## [Given data]
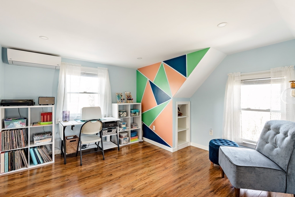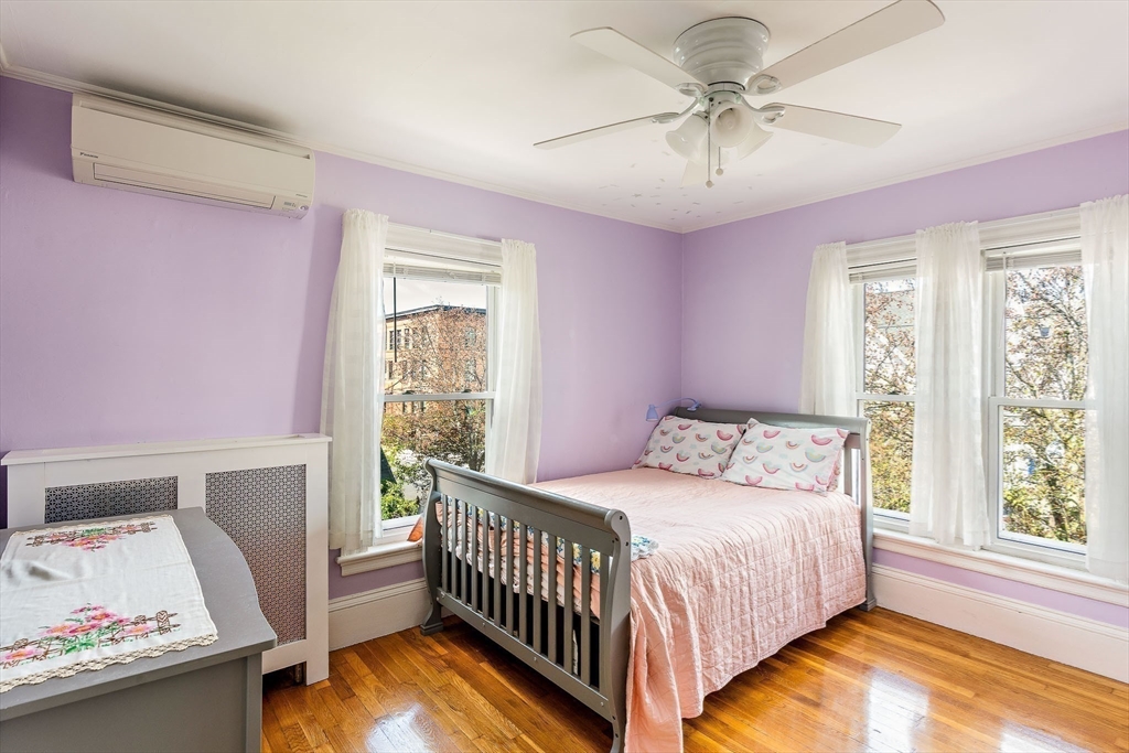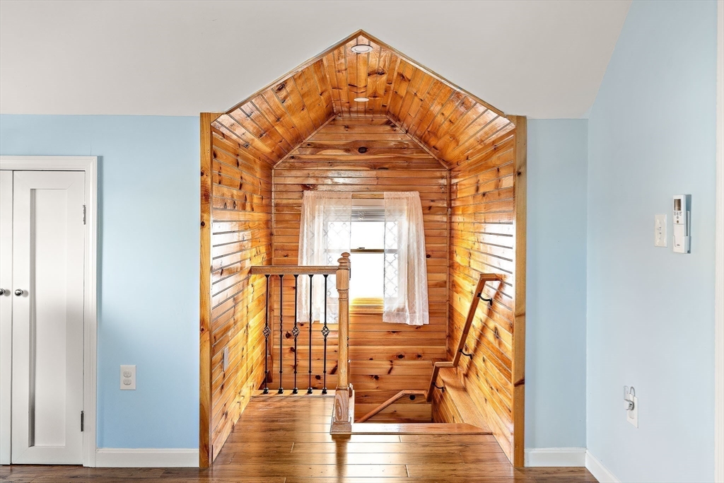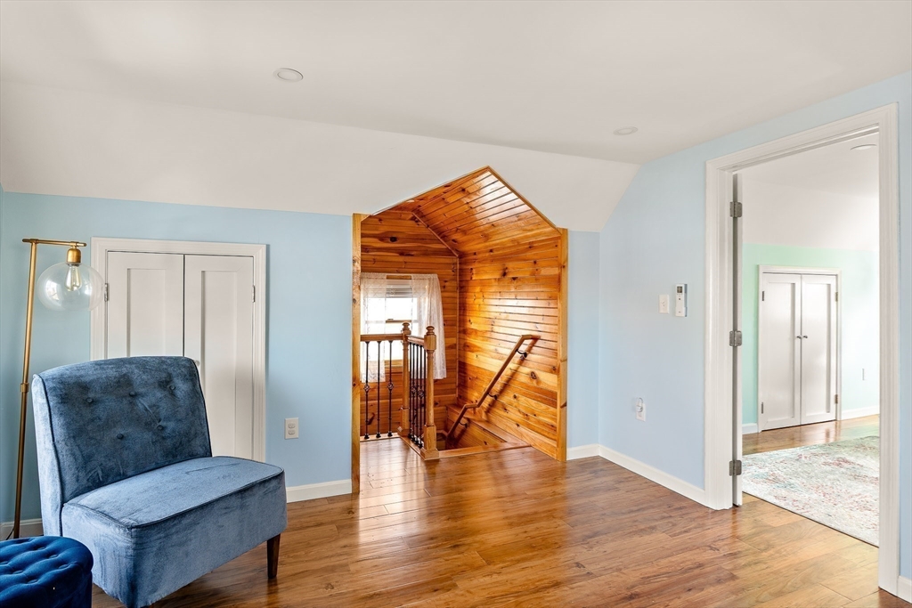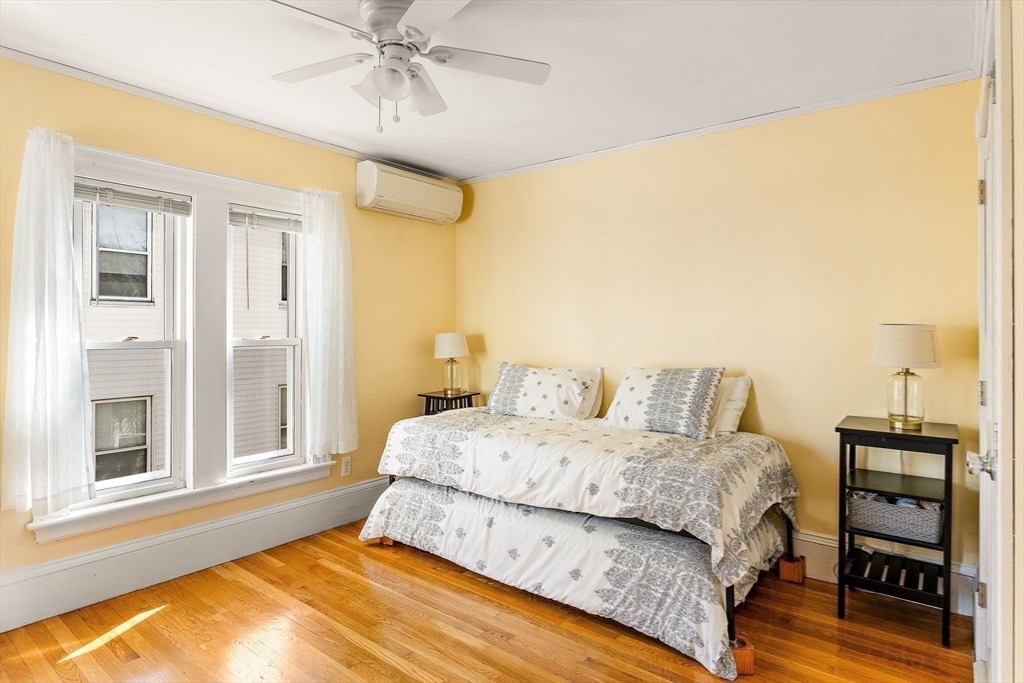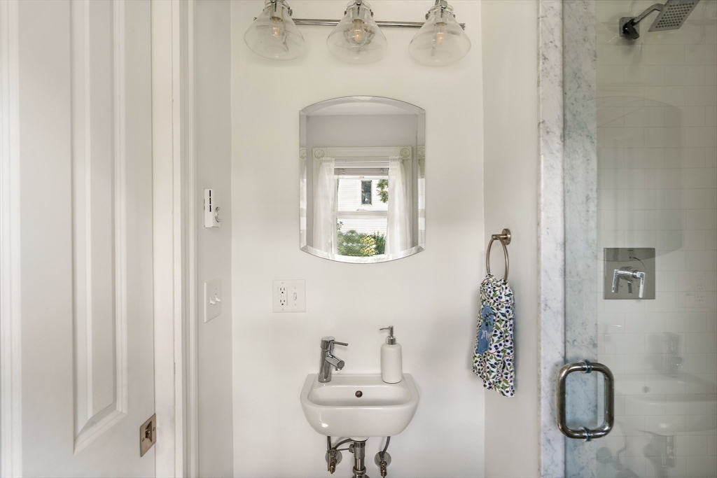 Enjoy suburban comfort & city convenience in 4 bed, 2 bath updated Colonial under a mile from bustling Malden Ctr w/ MBTA Orange line station, bus routes, vibrant dining & shopping! Beautiful hardwd floors, high ceilings, energy saving mini-splits A/C-heat & solar panels. Bright & airy kitchen w/ glass front white cabinetry, stone countertop, peninsula bar seating & gas range w/ exterior vent. Organized walk-in pantry leads to convenient laundry room. Full bath off mud-room. Dining room w/ elegant hutch has open floor plan to living room w/ cozy built-in storage window bench. Enclosed porch bonus space, perfect for office or sitting area. 2nd flr w/ 3 bedrms & full bath. Delightful knotty pine staircase leads up to 3rd flr w/ views of Boston skyline adding 4th bedrm & family room w/ stylish accent walls & built-in shelves. Fenced yard w/ Trex deck, shed, plantings & birdlife is ideal spot for relaxing. Off street parking driveway. Make this well-loved home yours!
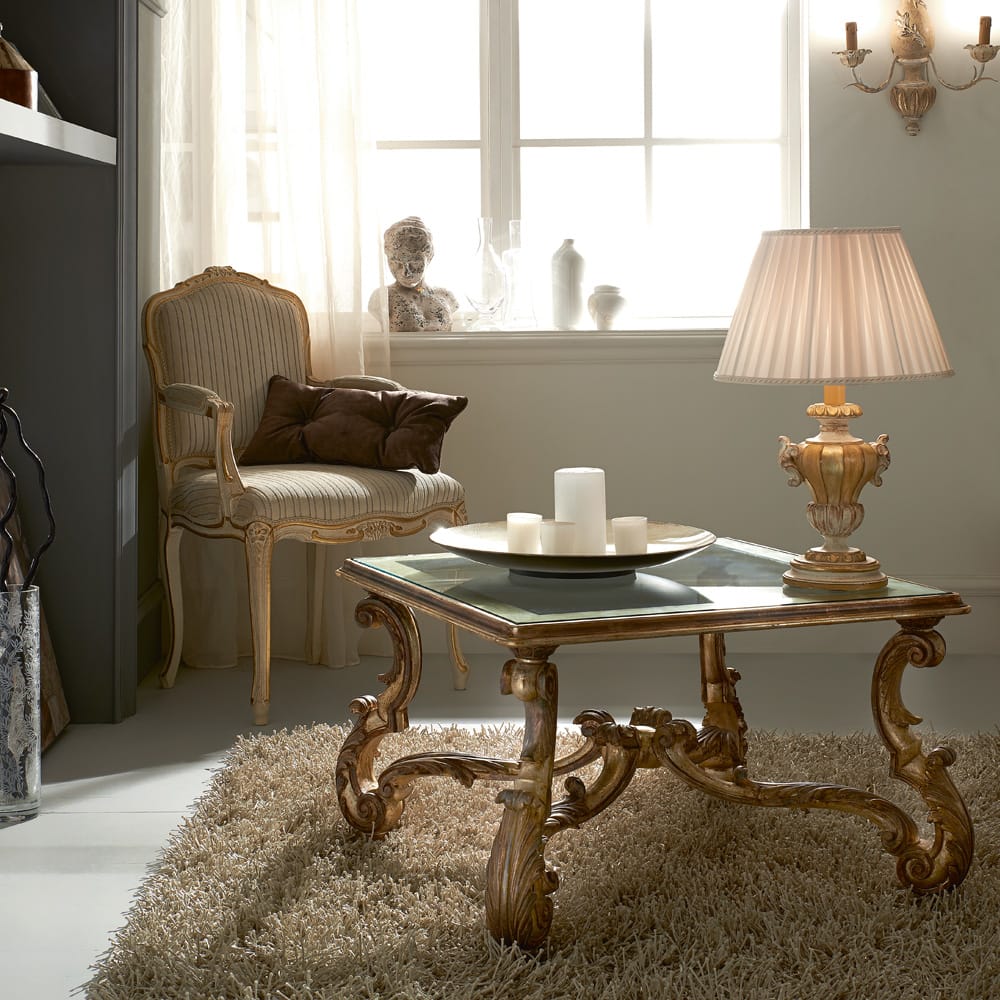 Shown here in an antique silver finish, accentuating the feature cross style frame structure and enhancing the flamboyant carvings. A square glass insert table top completes this fabulous design. Height 47 cm x width 75 cm x depth 75 cm. Available to order in different colours, sizes and finishes by request. Prices will vary.
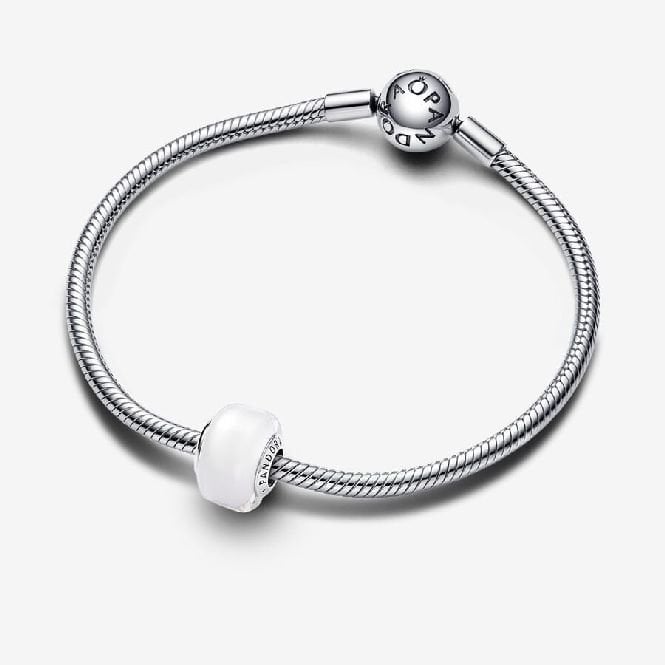 Add some vibrant colour to your charm bracelet with one of these White Mini Murano Glass Charms from Pandora. This charm bead design has been refined to a smaller size than our other Murano charms and a slightly squared shape. This creates more versatile ways to play with colour and dimension in your charm line-up. It fits any Moments charm holder and is made of sterling silver. Pair this bright white bead with your favourite sterling silver Pandora charms or get creative and mix the same style with other colours.
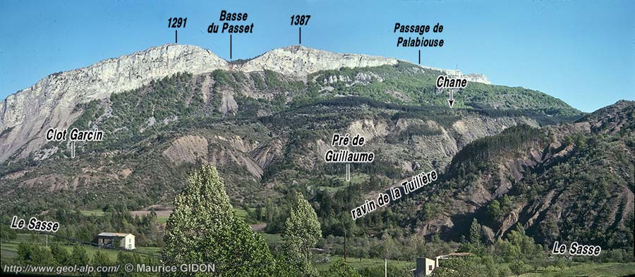 En rive gauche du Sasse le Tithonique du flanc SW du synclinal d'Esparron forme la belle falaise qui s'efface passagèrement au Passage de Palabiouse et au revers de laquelle est installé le village de Reynier. À son pied le versant a pour soubassement, comme sur l'autre rive, la succession des divers niveaux que l'on peut distinguer dans les Terres Noires. Mais ces couches sont largement masquées par de larges épandages d'éboulis anciens wurmiens qui ont sans doute garni ce versant parce qu'ils on glissé sur son substratum marneux. Ils sont le plus souvent riches en gros blocs de Tithonique et résultent donc d'éboulements successifs de la falaise ou de la dislocation d'anciens paquets tassés en provenant.
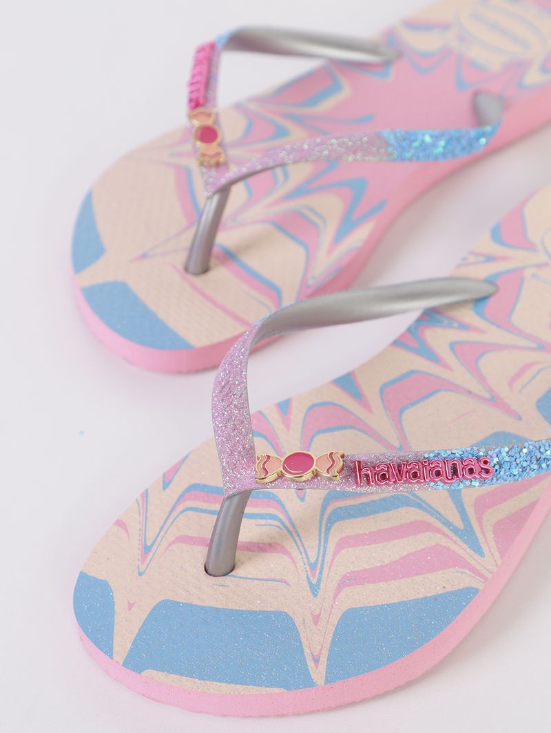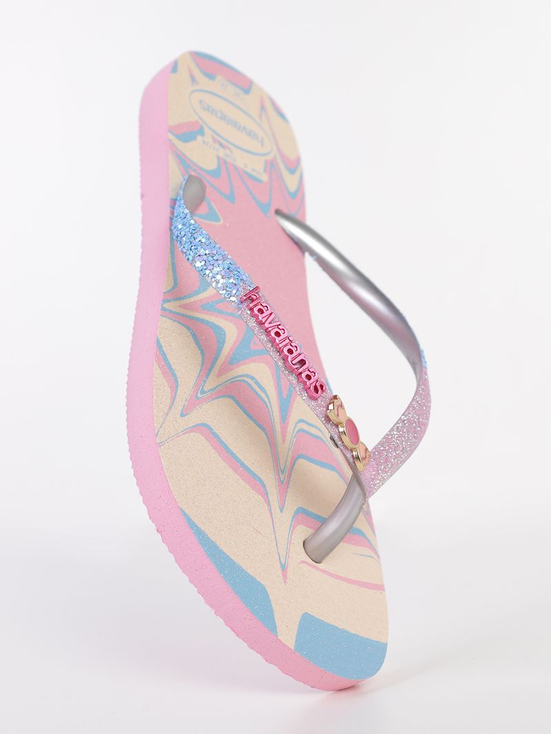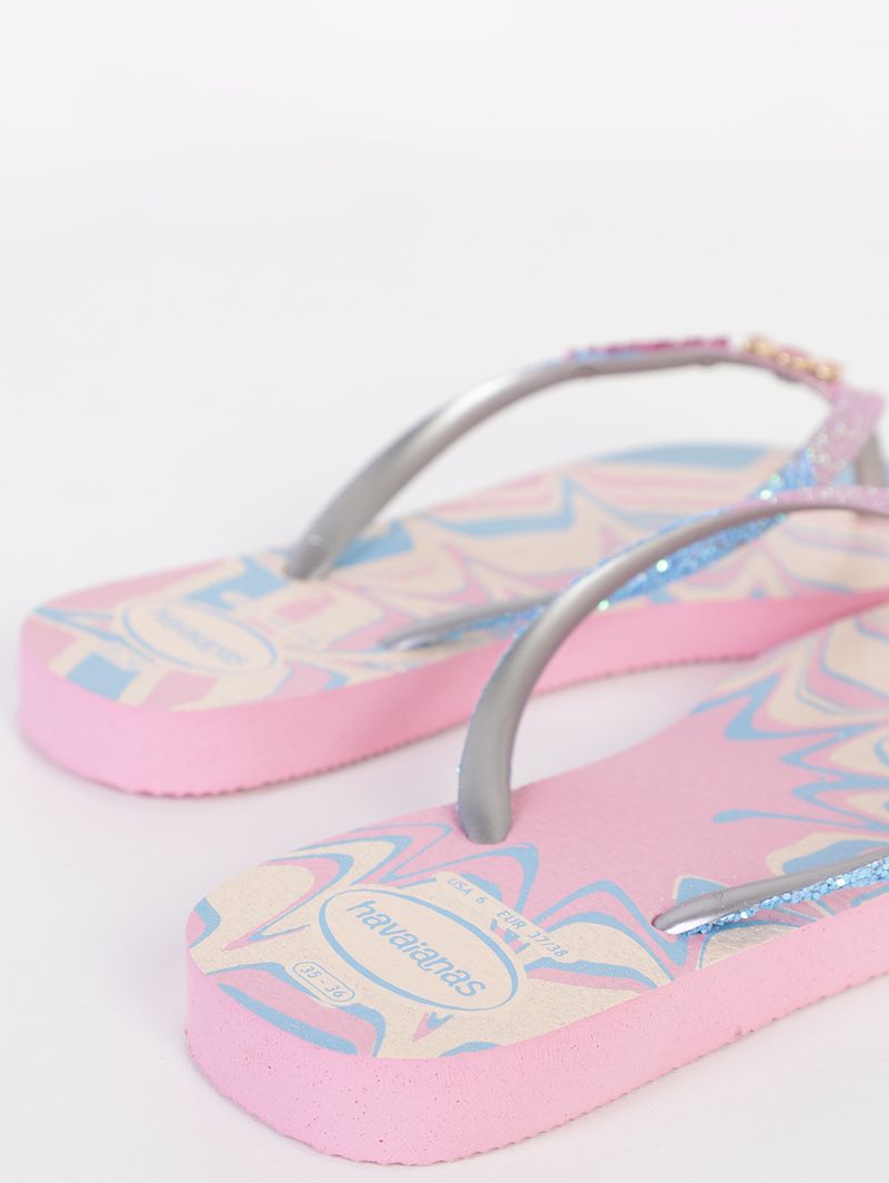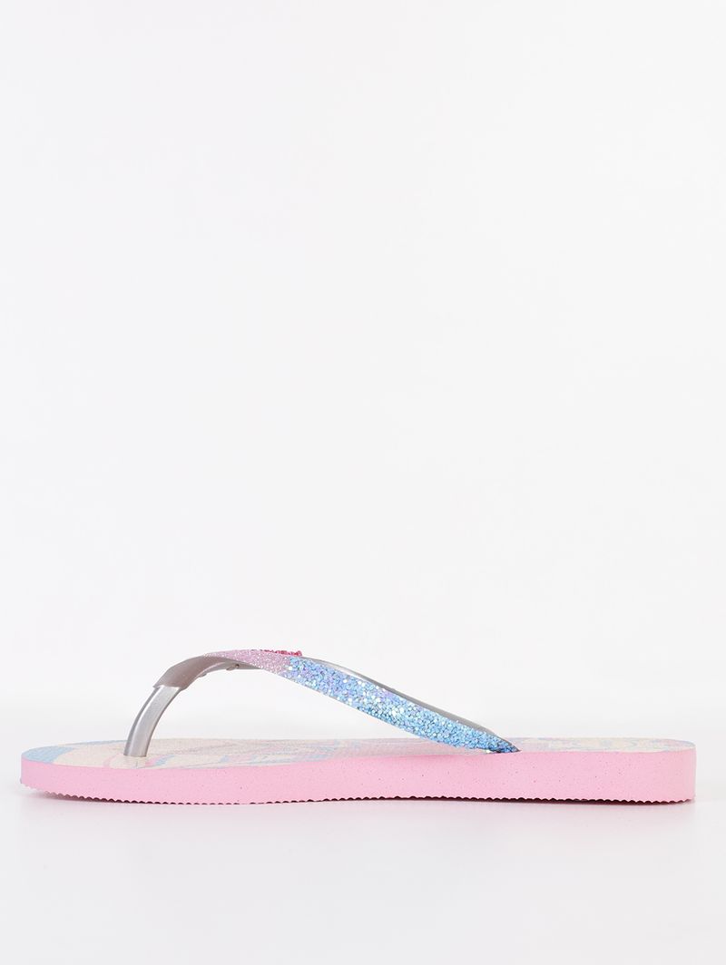 Chinelo infantil para menina desenvolvido em material emborrachado, resistente, flexível e confortável para os pés. Além disso, é altamente durável, suportando o uso constante sem perder a forma. O modelo slim se caracteriza por possuir um design moderno com tiras mais finas. Apresenta divisor de dedos, palmilha macia texturizada e solado com frisos antiderrapantes. Como diferencial, possui estampa inspirada em um mundo fantástico repleta de glitter holográfico, já suas tiras ganham ainda mais brilho e um charmoso acessório central. Transforme o dia a dia das crianças em uma verdadeira diversão com esse chinelo infantil!\n\nMaterial: Borracha

## [Exercise instructions]
Pictures stay out; the entries above are to be output exactly as given.

## [Task response]
 Enjoy suburban comfort & city convenience in 4 bed, 2 bath updated Colonial under a mile from bustling Malden Ctr w/ MBTA Orange line station, bus routes, vibrant dining & shopping! Beautiful hardwd floors, high ceilings, energy saving mini-splits A/C-heat & solar panels. Bright & airy kitchen w/ glass front white cabinetry, stone countertop, peninsula bar seating & gas range w/ exterior vent. Organized walk-in pantry leads to convenient laundry room. Full bath off mud-room. Dining room w/ elegant hutch has open floor plan to living room w/ cozy built-in storage window bench. Enclosed porch bonus space, perfect for office or sitting area. 2nd flr w/ 3 bedrms & full bath. Delightful knotty pine staircase leads up to 3rd flr w/ views of Boston skyline adding 4th bedrm & family room w/ stylish accent walls & built-in shelves. Fenced yard w/ Trex deck, shed, plantings & birdlife is ideal spot for relaxing. Off street parking driveway. Make this well-loved home yours!
 Shown here in an antique silver finish, accentuating the feature cross style frame structure and enhancing the flamboyant carvings. A square glass insert table top completes this fabulous design. Height 47 cm x width 75 cm x depth 75 cm. Available to order in different colours, sizes and finishes by request. Prices will vary.
 Add some vibrant colour to your charm bracelet with one of these White Mini Murano Glass Charms from Pandora. This charm bead design has been refined to a smaller size than our other Murano charms and a slightly squared shape. This creates more versatile ways to play with colour and dimension in your charm line-up. It fits any Moments charm holder and is made of sterling silver. Pair this bright white bead with your favourite sterling silver Pandora charms or get creative and mix the same style with other colours.
 En rive gauche du Sasse le Tithonique du flanc SW du synclinal d'Esparron forme la belle falaise qui s'efface passagèrement au Passage de Palabiouse et au revers de laquelle est installé le village de Reynier. À son pied le versant a pour soubassement, comme sur l'autre rive, la succession des divers niveaux que l'on peut distinguer dans les Terres Noires. Mais ces couches sont largement masquées par de larges épandages d'éboulis anciens wurmiens qui ont sans doute garni ce versant parce qu'ils on glissé sur son substratum marneux. Ils sont le plus souvent riches en gros blocs de Tithonique et résultent donc d'éboulements successifs de la falaise ou de la dislocation d'anciens paquets tassés en provenant.
 Chinelo infantil para menina desenvolvido em material emborrachado, resistente, flexível e confortável para os pés. Além disso, é altamente durável, suportando o uso constante sem perder a forma. O modelo slim se caracteriza por possuir um design moderno com tiras mais finas. Apresenta divisor de dedos, palmilha macia texturizada e solado com frisos antiderrapantes. Como diferencial, possui estampa inspirada em um mundo fantástico repleta de glitter holográfico, já suas tiras ganham ainda mais brilho e um charmoso acessório central. Transforme o dia a dia das crianças em uma verdadeira diversão com esse chinelo infantil!\n\nMaterial: Borracha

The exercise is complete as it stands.